Don Locke remembers the life-changing moment. It was 1971 and he was four years old, living in his home province of Newfoundland. During an informal game of soccer, the ball was accidentally kicked under the fence of a nearby electrical substation.
Don was an intrepid young man and crawled under the fence to retrieve it, innocent of the dangers surrounding him on all sides. One step took him too close to a bare transformer, which yanked him toward it and charged his body with 8,900 volts of electricity. He was thrown against the fence he’d just overcome, feeling as though he had died.
“I remember it like it happened yesterday,” said Don, now 49 and living in Middle Sackville.
He was rushed to hospital where physicians induced a month-long coma, interrupted only once by his parents two weeks in. They were tasked with telling him his left hand and foot would have to be amputated. Don, being left-handed, asked who would be responsible for filling in his colouring books after the surgery, demonstrating his priorities and his courage as only four-year-olds can.
Don suffered from hemophilia, preventing his blood from clotting and making a bad situation worse.
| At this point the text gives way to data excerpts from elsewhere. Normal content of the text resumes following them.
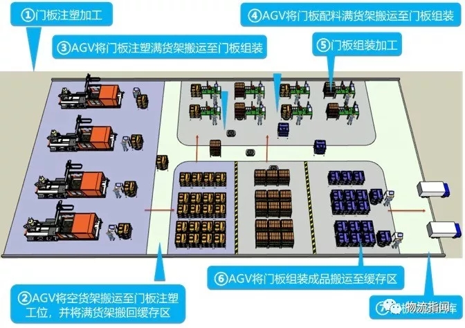 汽车制造加工厂作业主要包括以下几个流程:零部件/成品入库,存储,拣选,产线上下料,装配及出库。每个作业流程通过不同的智能化设备代替人工,提高作业效率,提升系统柔性。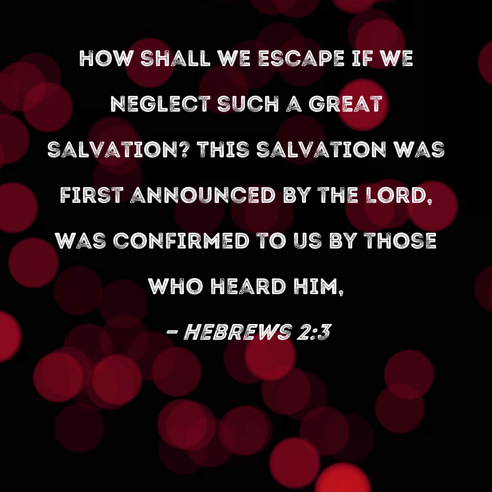Hebrews 2:3 how shall we escape if we neglect such a great salvation? This salvation was first announced by the Lord, was confirmed to us by those who heard Him,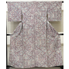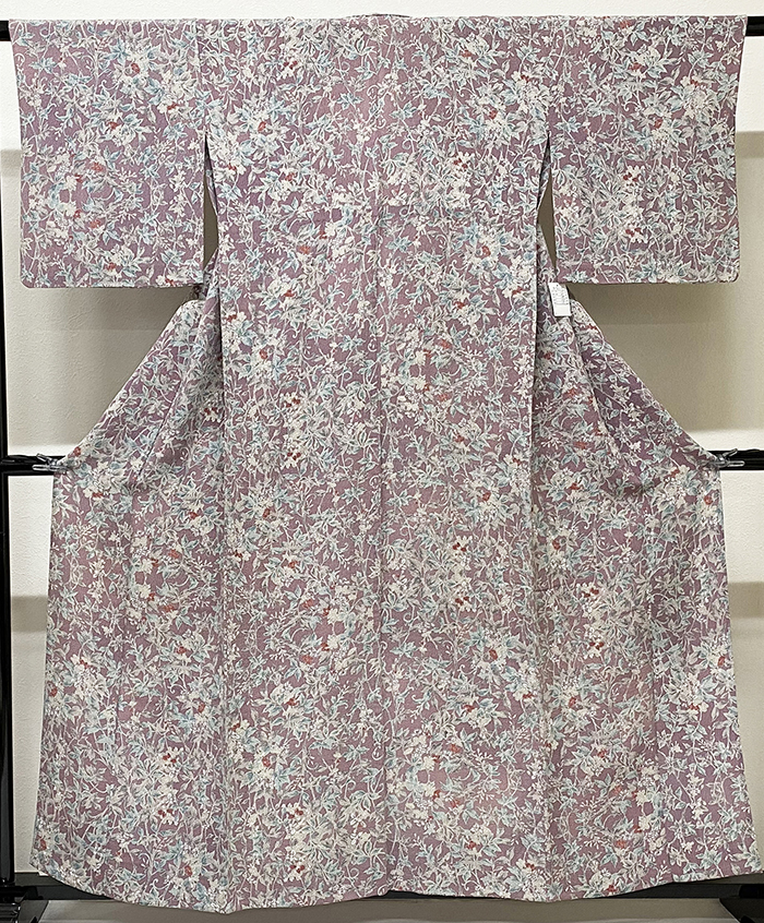 しなやかな手触りの縮緬織り生地で、くすんだ赤紫色の地色に、蔓花柄を青ネズ色と少しの白やエンジ色を加え染めた品。背伏せは別生地が付き、正絹白の衿裏が付いた手縫いの単衣仕立て。

Removing his hand and foot wasn’t enough to stabilize his wounded limbs, so progressively more was removed until his arm extended just below the elbow, and his leg just below the knee. After a year and a half, Don was fitted for prosthetic limbs, taking his first steps in a very long time. Then, as his mother tells it, he began to run.
“I don’t consider myself an amputee because I don’t really miss my limbs,” said Don. “I have to wear a leg in order to walk but it’s a part of me now.”
It was Don’s mother who first encouraged him to work with prosthetics and his fellow amputees, but for a long time he refused for lack of interest. That began to change in the early 1980s when he joined the Paralympics, an athletic organization which allowed him to train and compete in javelin, shot-put, the 100 metre freestyle and the 50 metre breast stroke, alongside people with disabilities of their own. He originally became involved for the opportunity to get fit, but was soon inspired by the courage and resilience he saw all around him. After a decade of competing, Don finally embraced his mother’s advice.
In 1998 he became a registered prosthetics technician, joining the staff of the QEII’s Nova Scotia Rehabilitation and Arthritis Centre the following year. He’s gone from using prosthetics to building them, customizing them for the thousands of lifestyles and body types under the centre’s care.
His days are spent in a workshop of sorts, using his right arm and what remains of his left to give people back their lives. But his contributions to the centre go beyond the crafting of prosthetics. He also works directly with amputees; people who have recently lost limbs to injury, disease or birth defects. Don is able to offer them something many of his colleagues simply can’t — personal experience.
“To some people, losing a limb is very traumatic,” said Don. “Being an amputee isn’t something you figure out overnight. If you’ve had your arms and legs your whole life then all of a sudden you’re missing one, you think life is over. I’m here to show them that, not only is life not over, it can get better. You can be whatever you want to be. This is just a change, not an end.”
Don is one of many offering amputees hope. Together, the teams at the QEII’s Rehabilitation Centre ensure anyone who’s lost a limb can get back on their feet, whether those feet are flesh and blood or carbon fibre.
“If I didn’t have the exposure to patients, I don’t think I’d be doing this,” said Don. “I just enjoy helping people so much. It means everything in the world to me.”